If the database is empty, the migrations may not have run on first start. You can apply them manually:

```powershell
# Connect to postgres and run migrations in order
docker exec -i stonks-oracle-postgres-1 psql -U stonks -d stonks < infra/migrations/001_initial_schema.sql
docker exec -i stonks-oracle-postgres-1 psql -U stonks -d stonks < infra/migrations/002_documents_and_intelligence.sql
# ... repeat for all 030 migration files
```

Or run them all at once:

```powershell
Get-ChildItem infra\migrations\*.sql | Sort-Object Name | ForEach-Object {
    Write-Host "Applying $($_.Name)..."
    Get-Content $_.FullName | docker exec -i stonks-oracle-postgres-1 psql -U stonks -d stonks
}
```

### Frontend can't reach the API

When running the frontend with `npm run dev`, Vite proxies `/api/` requests. Make sure the Query API is running on port 8000. If using different ports, set the Vite env vars:

```powershell
set VITE_QUERY_API_URL=http://localhost:8000
set VITE_SYMBOL_REGISTRY_URL=http://localhost:8001
set VITE_RISK_ENGINE_URL=http://localhost:8002
npm run dev
```

### WSL 2 memory issues

Docker Desktop on WSL 2 can consume a lot of memory.

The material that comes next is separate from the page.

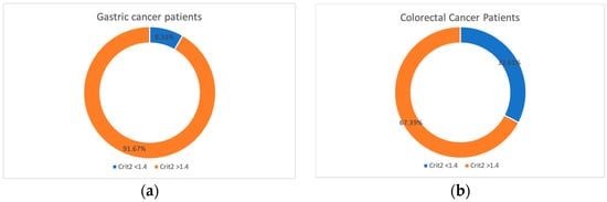 For Crit2 < 1.4, there are involved 30 out of the 92 colorectal cancer patients (32.61%) while only 2 out of the 24 gastric cancer patients (8.33%), so a value of Crit2 less than 1.4 is more frequent in colorectal cancer patients than in gastric cancer ones. Most of the patients have values Crit2 > 1.4 for both locations (Figure 7a,b).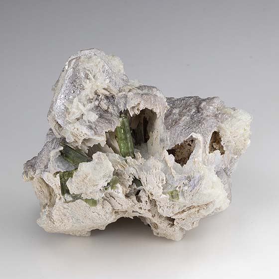 Neat specimen showing purple crystallized trilithionite in a matrix is cluster, this sort of dissolved away in the center leaving hollow cavities with green crystals of elbaite to 1.0 cm in size. In great condition.Data last checked on 11th Aug 2021 - specimen may no longer be available

Create or edit `%USERPROFILE%\.wslconfig`:

```ini
[wsl2]
memory=8GB
processors=4
```

Then restart WSL: `wsl --shutdown` from PowerShell.

---

## Stopping Everything

```powershell
# Stop infrastructure
docker compose down

# Stop infrastructure AND delete all data (fresh start)
docker compose down -v
```

The `-v` flag removes the named volumes (database data, MinIO objects, Ollama models). Omit it to preserve data between restarts.